Why Composting Matters?

Posted by Taylor McCarten on

Composting is becoming a requirement for households across Canada, but how does putting your banana peels and eggshells in a green bin lead to a healthier environment? To all you compost doubters out there, or people curious about it’s impact, I hope I can shine a light on the surprisingly substantial effect composting has on the environment. 

Landfills have become a growing concern despite our sustainably conscious efforts to reduce the amount of waste we purchase. Composting is a vital resource for households because it diverts compostable waste from landfills. These landfills are directly contributing to climate change as plant matter is forced to decay in an anaerobic environment. According to the Environmental Protection Agency, material that could be composted currently makes up 20 to 30 percent of landfills and making compost “keeps these materials out of landfills where they take up space and release methane, a potent greenhouse gas.” 

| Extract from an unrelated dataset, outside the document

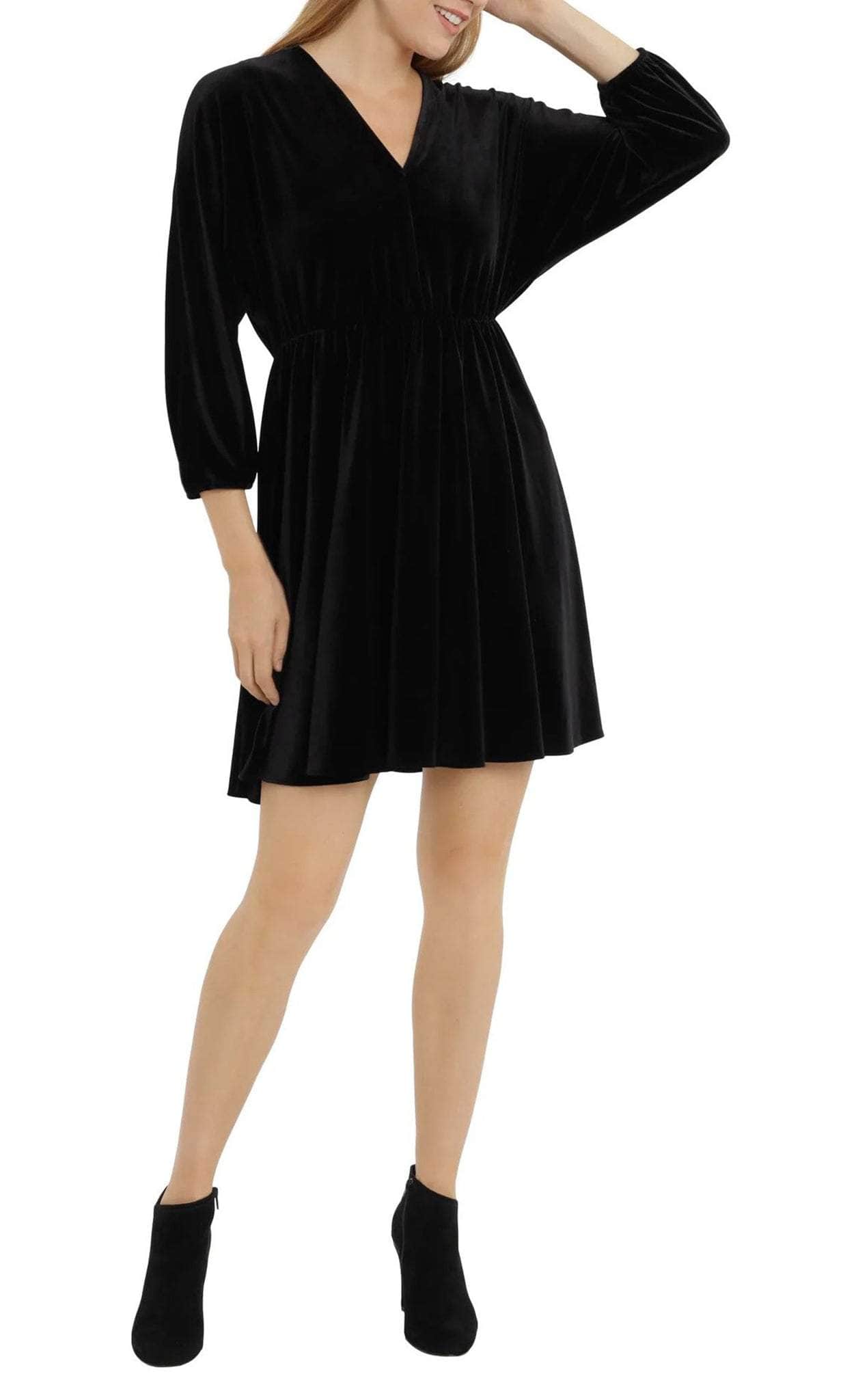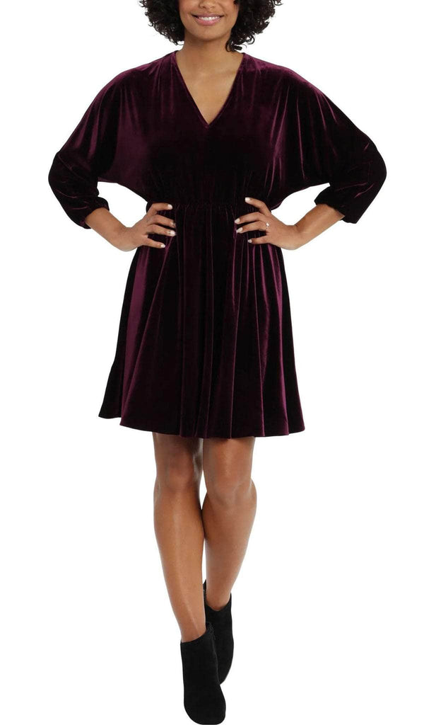 Look fantastic for your next formal event in this dress by London Times T5911M. The long sleeves with elastic cuffs, elastic waist, and luxurious velvet fabric create a look that's both chic and comfortable. The enclosed back adds a touch of elegance and sophistication, while the short length and natural V-neckline create a classic vibe that's perfect for a party or a special event. Get noticed in any crowd wearing this London Times T5911M masterpiece! Model is wearing Aubergine and Black colors.

Every at home gardener gets frustrated when their sunflowers aren’t blooming like they should be. One reason this could be happening is due to a lack of nutrient rich soil. Putting your compost into your soil provides it with nutrients that help grow microorganisms that breed plant life. On top of that, composting helps minimize water and wind erosion by functioning like a sponge and holding water where the roots need it most. This helps sandy soil absorb moisture resulting in crops needing smaller amounts of irrigation. 

Compost also contains basic nutrients found in chemical fertilizers - potassium, nitrogen, phosphorus - without harming the environment. Composting is an environmentally-friendly alternative to introducing nutrients into your soil. Excessive use of chemical fertilizers can lead to nitrogen runoff which can cause algae blooms in the ocean and lakes that harm the ecosystem. Moreover, chemical fertilizers can also leach into groundwater contaminating drinking water wells resulting in water pollution. 

If composting seems like a headache, just know your contributions are making an impact in more ways than one. So keep up the great work!